Peu de temps après avoir quitté Picasso en 1953, Gilot a retrouvé un ancien ami, l’artiste Luc Simon, et l’a épousé en 1955. Ils ont eu une fille – Engel – et ont divorcé en 1962. En 1970, Gilot a épousé Jonas Salk, le virologue et chercheur américain. célèbre pour son travail sur le vaccin contre la poliomyélite, et a commencé à vivre entre la Californie et Paris, puis New York. À sa mort en 1995, Gilot a déménagé à plein temps à New York et a passé ses dernières années dans l’Upper West Side.



Le Dr Jonas Salk, à droite, développeur du vaccin contre la poliomyélite, et l’artiste Françoise Gilot apparaissent après leur mariage civil à la mairie de Paris Neuilly le 30 juin 1970.

Son art n’a fait que prendre de la valeur au fil des ans. En 2021, elle (1965) s’est vendue 1,3 million de dollars lors d’une vente aux enchères Sotheby’s. Son travail a été exposé dans de nombreux musées importants, dont le Metropolitan Museum of Art et le Museum of Modern Art. Sa vie avec Picasso a été illustrée dans le film de 1996, réalisé par James Ivory.

Simon Shaw, vice-président de Sotheby’s pour les beaux-arts mondiaux, a déclaré qu’il avait été gratifiant de voir, au cours de la dernière décennie, les peintures de Gilot « acquérir la reconnaissance qu’elles méritaient vraiment ».

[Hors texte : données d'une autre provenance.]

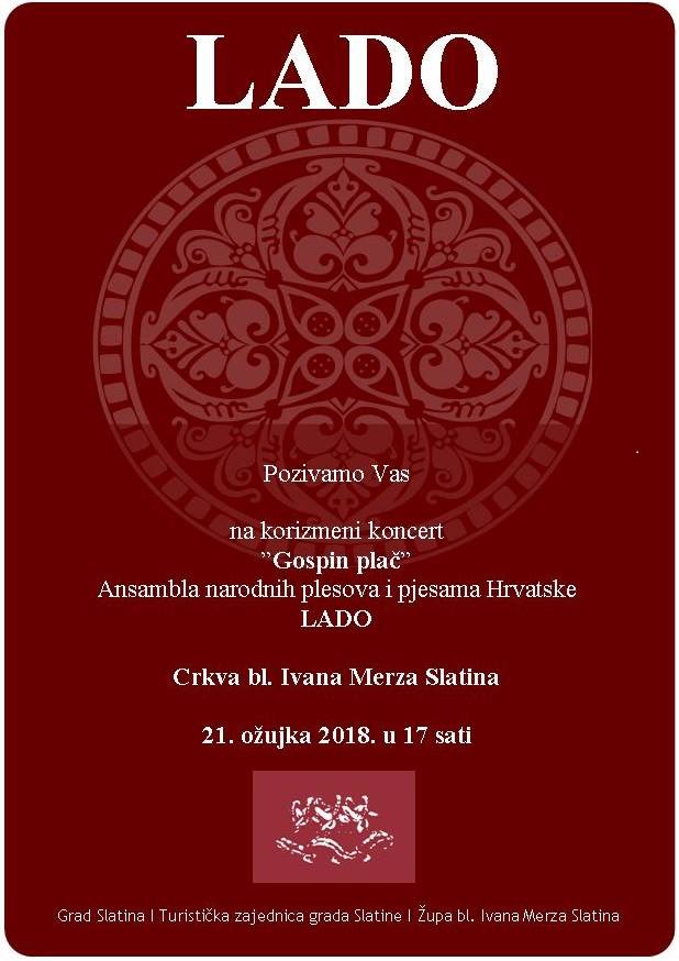 Ansabl narodnih pjesama i plesova Hrvatske LADO u srijedu 21. ožujka 2018. održat će korizmeni koncert “Gospin plač”
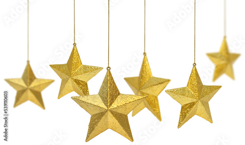 Wall mural : Six golden christmas decoration stars hanging isolated
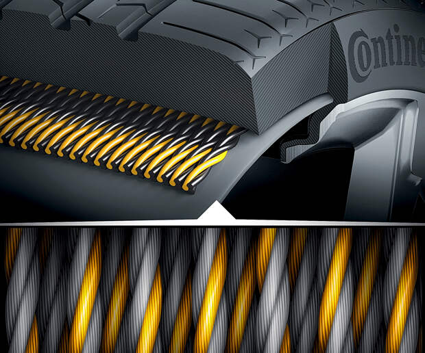 В протекторе шин Continental UltraContact используется особый слой из материала с усиленными полимерными связями — это обеспечивает необходимую прочность при наезде на препятствия

« Voir Françoise comme une muse (pour Picasso), c’est passer à côté de l’essentiel », a écrit Shaw dans un e-mail. « Elle s’est établie dans son parcours de peintre lorsqu’elle a rencontré Pablo pour la première fois. Alors que son travail entrait naturellement en dialogue avec le sien, Françoise poursuivait un parcours farouchement le sien – son art, comme son personnage, était rempli de couleurs, d’énergie et de joie. « 

Engel a noté que bien que la relation avec Picasso ait été clairement difficile, elle a donné à sa mère une certaine liberté vis-à-vis de ses parents et des contraintes d’une vie bourgeoise – et lui a peut-être permis de poursuivre son véritable rêve d’être peintre professionnel, une passion qu’elle partagé avec Picasso avant tout.

« Ils croyaient tous les deux que l’art était la seule chose qui valait la peine d’être faite dans la vie », a-t-elle déclaré. « Et elle a pu être elle-même, même si ce n’était pas une vie facile avec lui. Mais elle a quand même pu être elle-même. »

Et pour Engel, l’héritage clé de sa mère n’était pas seulement sa créativité mais son courage, reflété dans son art, qui changeait toujours, ne restant jamais en sécurité.

« Elle n’était pas sans peur. Mais elle affrontait toujours ses peurs et sautait dans le vide et prenait des risques, quoi qu’il arrive », a déclaré Engel.